St Catharine's Convent or St Catharine’s Mercy Centre is a Catholic convent of the Sisters of Mercy and a centre for the homeless in Edinburgh, Scotland. It was built in 1860 and originally designed by David Cousin, with additions made in 1887 and 1892. It is located on the corner of Lauriston Gardens and Lauriston Place in the Lauriston area of Edinburgh. In 1992, it became a Mercy Centre with the mission of helping the local homeless. In 1989, it was designated a category B listed building.

==History==
===Foundation===
In 1831, the Sisters of Mercy were founded in Dublin, Ireland, by Catherine McAuley. In 1849, Sisters of Mercy from Limerick came to Glasgow to found a community in Garnethill (now part of St Aloysius' College). They were invited by the Bishop James Gillis, the Apostolic Vicar of the Eastern District of Scotland to found a convent in Edinburgh. In 1860, they moved into Lauriston.

===Construction===
The building was originally designed by David Cousin. It was built in 1860. In 1887, the convent was expanded and a church was added. It was called St Catharine's Church. The extensions and church were designed by the architect Archibald Macpherson (1851–1927). He was an ecclesiastical architect who mainly worked on Catholic churches and schools such as Sacred Heart, Edinburgh, St Aloysius Church, Glasgow, St Aloysius' College, Glasgow and St David's Church, Dalkeith. In 1892 he made further alterations to the church building.

===Works===
In 1865, sisters from the convent founded a training college for Catholic teachers that would later become St Thomas of Aquin's High School. In 1886, it became an all-girl school, called St Thomas of Aquin's College. In 1975, boys were admitted to the college. In 2002, the college moved to a new building and became St Thomas of Aquin's High School.

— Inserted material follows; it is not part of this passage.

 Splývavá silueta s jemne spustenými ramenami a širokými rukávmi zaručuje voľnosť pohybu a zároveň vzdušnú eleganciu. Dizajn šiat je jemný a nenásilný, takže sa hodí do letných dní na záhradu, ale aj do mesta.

In 1891, the Sisters of Mercy in Scotland expanded and bought the ruined remains of a pre-Reformation Franciscan monastery in Elgin, Moray, they restored them and it became Greyfriars Sisters of Mercy Convent in Elgin.

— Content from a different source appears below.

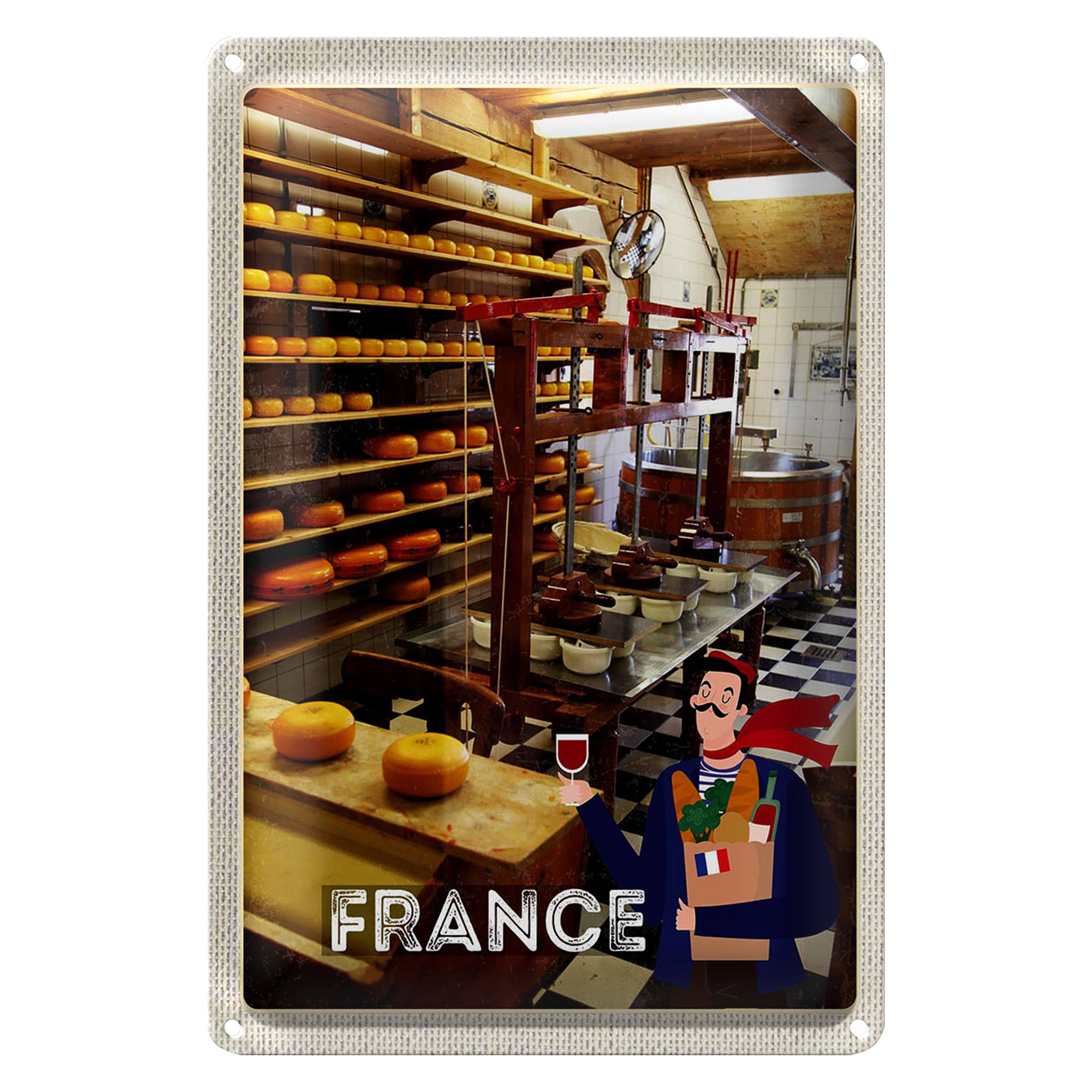 Blechschild Reise 20x30cm Frankreich Käsemaschine Produktion

In 1992, the general chapter of the Sisters of Mercy designated St Catharine's Convent a Mercy Centre. It has the mission of supporting the local homeless and disadvantaged population of the city. As of 2022, it welcomes up to 200 people a day. On 11 July 2022, its director Sister Aelred Timmins was given an honorary doctorate by the University of Edinburgh in recognition of the centre's work.